Redemption price shall be fixed in Indian Rupees and the redemption price shall be based on a simple average of the closing price of gold of 999 purity of the previous 3 business days from the date of repayment, published by the India Bullion and Jewelers Association Limited.

7. Listed on the stock exchange

These bonds can be held in Demat form and the government has enabled trading of gold bonds on the stock exchanges i.e. NSE and BSE. This feature is given to enable easy trading of bonds and one can buy bonds even after the subscription period is closed.

8. Maturity

The tenure of the bond will be for a period of 8 years with exit option in 5th, 6th and 7th year, to be exercised on interest payment dates. It means one cannot redeem bonds before the end of 5th year. However, if one wants, he can transfer bonds via the stock exchange platform. So, we can say that there is no lock-in for SGBs.

9. SGBs can be used as collateral

Bonds can be used as collateral for loans. The loan-to-value ratio (LTV) is to be set equal to ordinary gold loan mandated by RBI. Therefore, it is a very good option that you can use gold bonds as security against loans like stocks.

9. Payment Options

The payment of SGBs can be made in cash (up to Rs. 20,000) or Demand Draft or Cheque or electronic mode. It’s good that you have an option to use cash for it. However, on redemption or transfer, the amount will be credited to your bank account.

How to buy Sovereign Gold Bonds?

Whenever the government of India announces a series of bonds, they specify the dates of subscription, date of issuance of bonds and the amount of purchase per gram. A subscriber can go via physical mode or online mode for subscription of SGBs.

1. Physical Mode – To invest in gold bonds, you can fill in the application form which is provided by issuing banks or from designated post offices. You can also download the application form from the website of the Reserve Bank of India.

Scheduled Commercial Banks (excluding RRBs, Small Finance Banks and Payment Banks), designated Post Offices (as may be notified), Stock Holding Corporation of India Ltd (SHCIL) and recognized stock exchanges viz., National Stock Exchange of India Limited and Bombay Stock Exchange Ltd. are authorized to receive applications for the Bonds either directly or through agents.

2. Online Mode – To invest in bonds using online mode, one can use their intermediaries/broker’s platform or bank platform. There will be a discount of Rs. 50 per gram if you purchase via online mode and paying through digital mode.

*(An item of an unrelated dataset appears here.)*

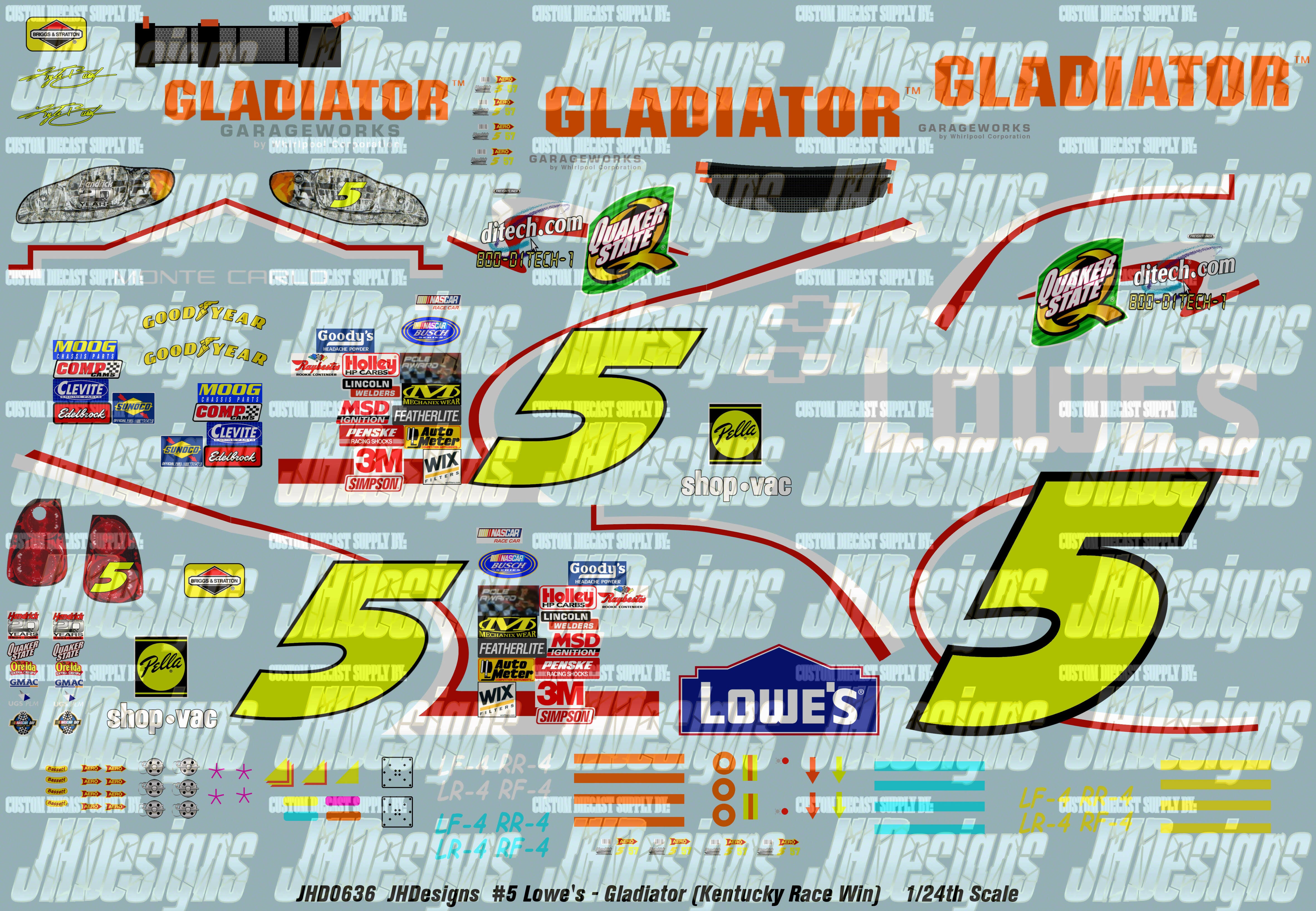 JH Designs Kyle Busch 2004 NBS #5 Lowe's - Gladiator (Kentucky Race Win) 1:24 Racecar Decal Set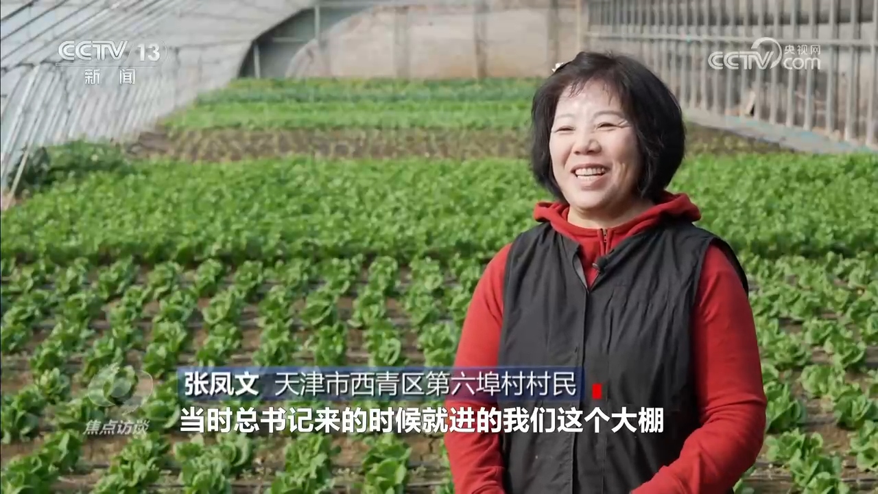 天津市西青区第六埠村村民张凤文:“总书记来的时候就进的我们这个大棚,总书记问了我们受灾情况,蔬菜的收成,还嘱咐我们要用自己的双手重建家园,创造更美好生活。”

Every applicant must provide their PAN number issued by the Income Tax Department. Without a PAN, one cannot apply for investing in gold bonds.

Tax treatment of Sovereign gold bonds

The capital gains tax arising on redemption of SGB to an individual has been exempted. This is an exclusive income tax benefit offered on gold bonds to encourage investors to shift to non-physical gold.

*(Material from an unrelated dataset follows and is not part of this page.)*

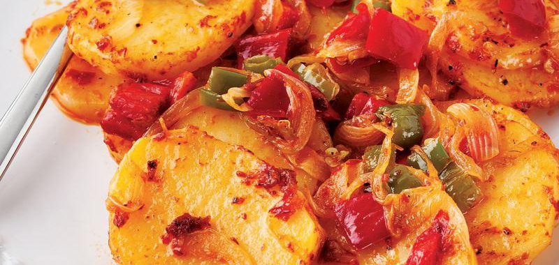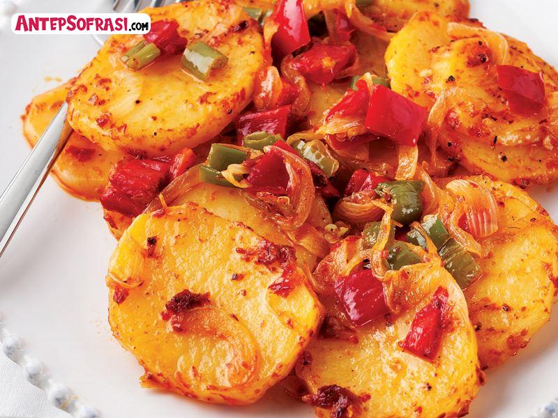 Piyazlık doğradığınız soğanı tereyağında pembeleşinceye kadar soteleyin. Küp doğradığınız biberleri ilave edip sebzeler hafif yumuşayıncaya kadar sotelemeye devam edin. Kabuğunu soyup yuvarlak doğradığınız patatesleri ilave edip tuz ve baharatlarla tatlandırın. 7-8 dakika daha pişirip ocaktan alın. Sıcak servis yapın.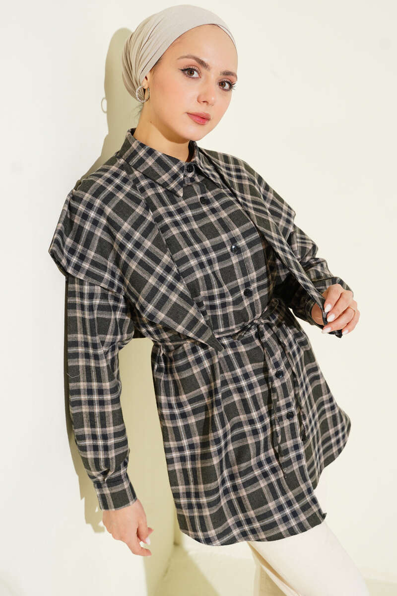 Omuz Şallı Ekoseli Gömlek Haki

However, the transfer of gold bonds before maturity will attract Capital gain tax. The indexation benefits will be provided to long term capital gains arising to any person on transfer of bond using secondary market after 3 years from the date of purchase.

The interest received on SGB per financial year is taxable as per the slab rate of subscriber.

Comparison of Physical gold, Gold ETF and Sovereign Gold Bond

[su_table responsive=”yes” alternate=”no”]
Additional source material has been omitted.